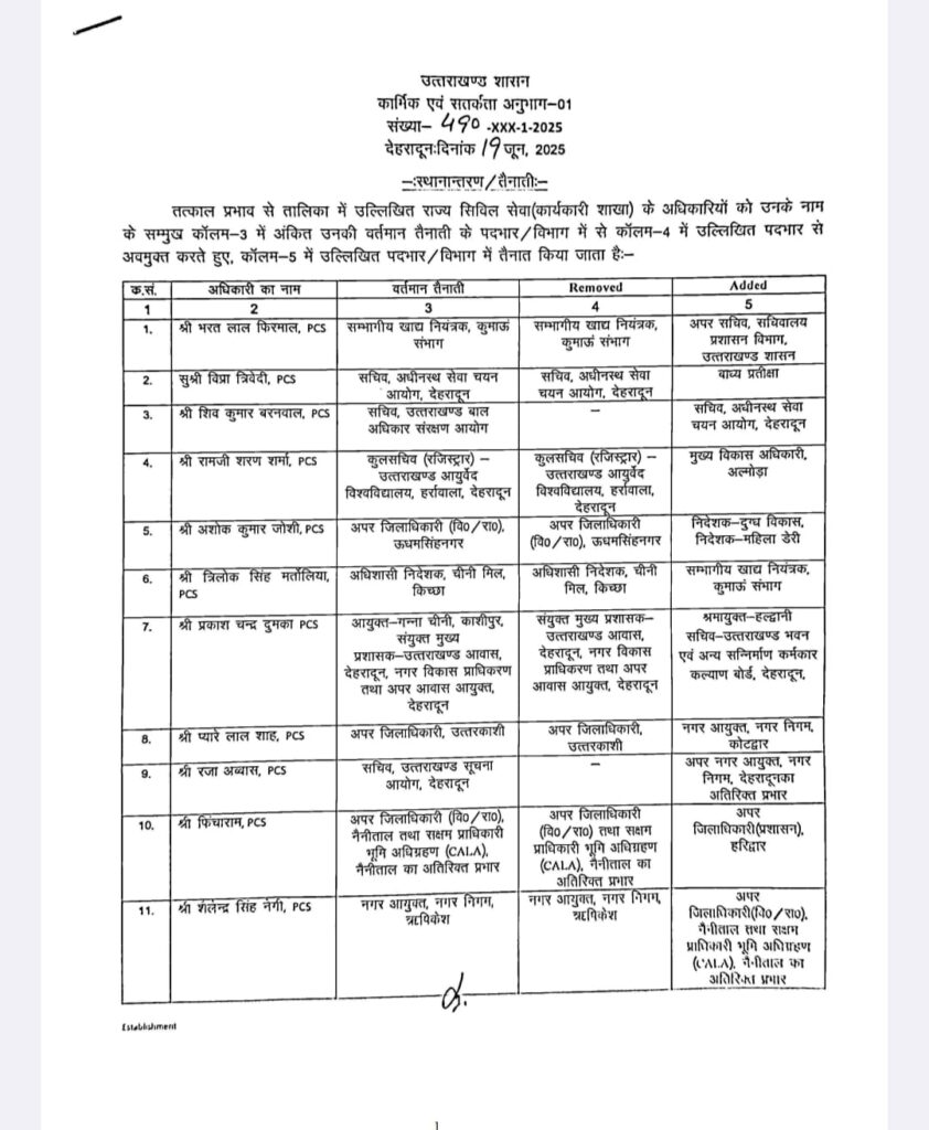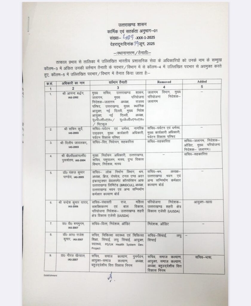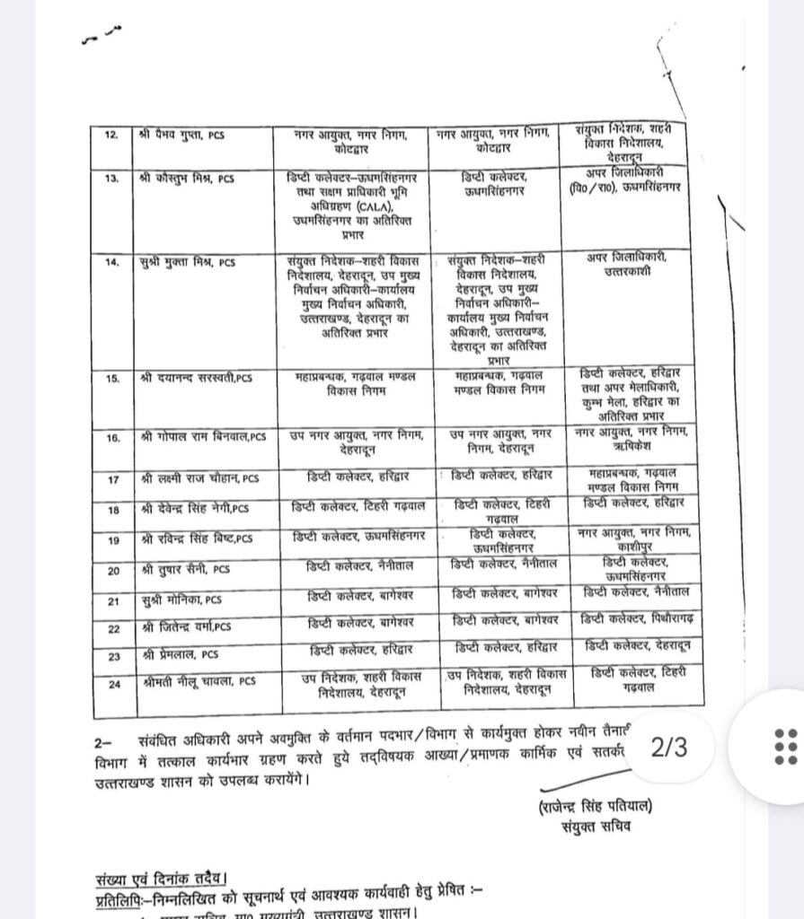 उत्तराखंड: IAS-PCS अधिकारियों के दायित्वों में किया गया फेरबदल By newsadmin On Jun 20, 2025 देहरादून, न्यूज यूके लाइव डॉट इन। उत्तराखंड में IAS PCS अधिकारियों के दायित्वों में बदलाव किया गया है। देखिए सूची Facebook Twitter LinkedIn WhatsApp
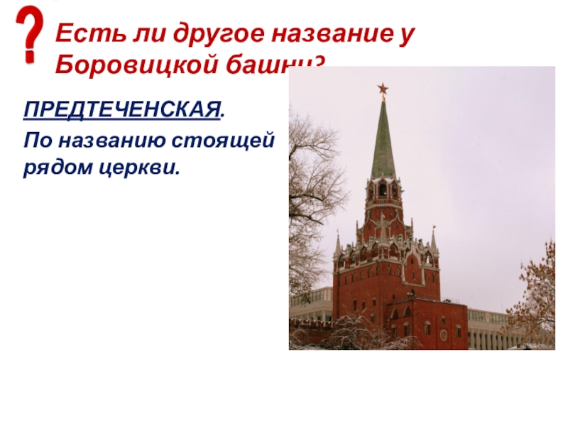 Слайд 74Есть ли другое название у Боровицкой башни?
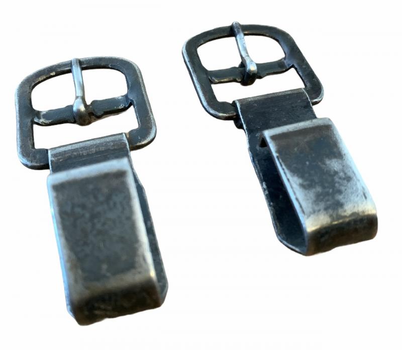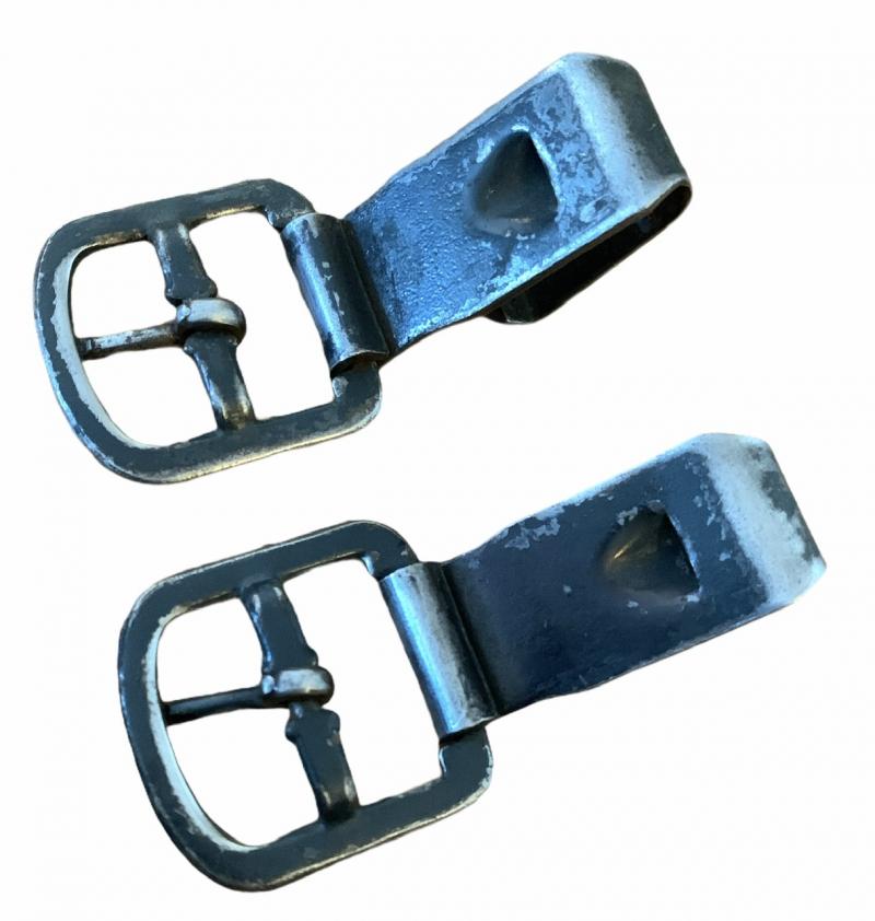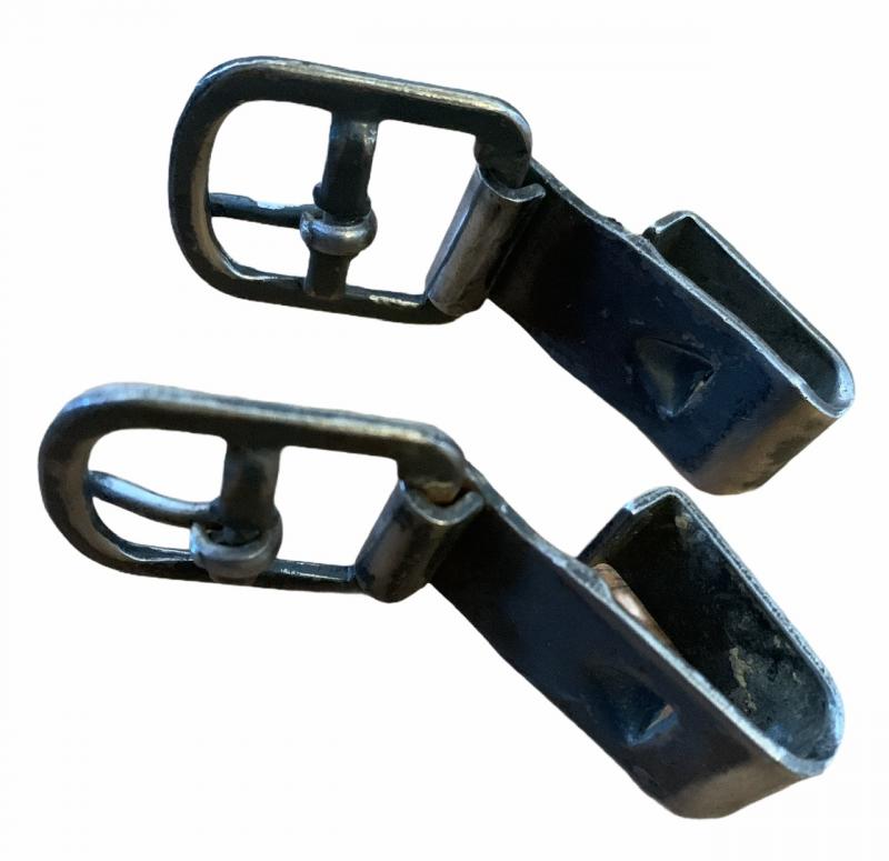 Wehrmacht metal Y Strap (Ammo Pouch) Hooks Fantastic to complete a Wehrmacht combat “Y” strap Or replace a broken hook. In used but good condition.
───
Every line of the material must be repeated exactly; pictures stay out.

EXERCISE RESULT:
 उत्तराखंड: IAS-PCS अधिकारियों के दायित्वों में किया गया फेरबदल By newsadmin On Jun 20, 2025 देहरादून, न्यूज यूके लाइव डॉट इन। उत्तराखंड में IAS PCS अधिकारियों के दायित्वों में बदलाव किया गया है। देखिए सूची Facebook Twitter LinkedIn WhatsApp
 Слайд 74Есть ли другое название у Боровицкой башни?
 Wehrmacht metal Y Strap (Ammo Pouch) Hooks Fantastic to complete a Wehrmacht combat “Y” strap Or replace a broken hook. In used but good condition.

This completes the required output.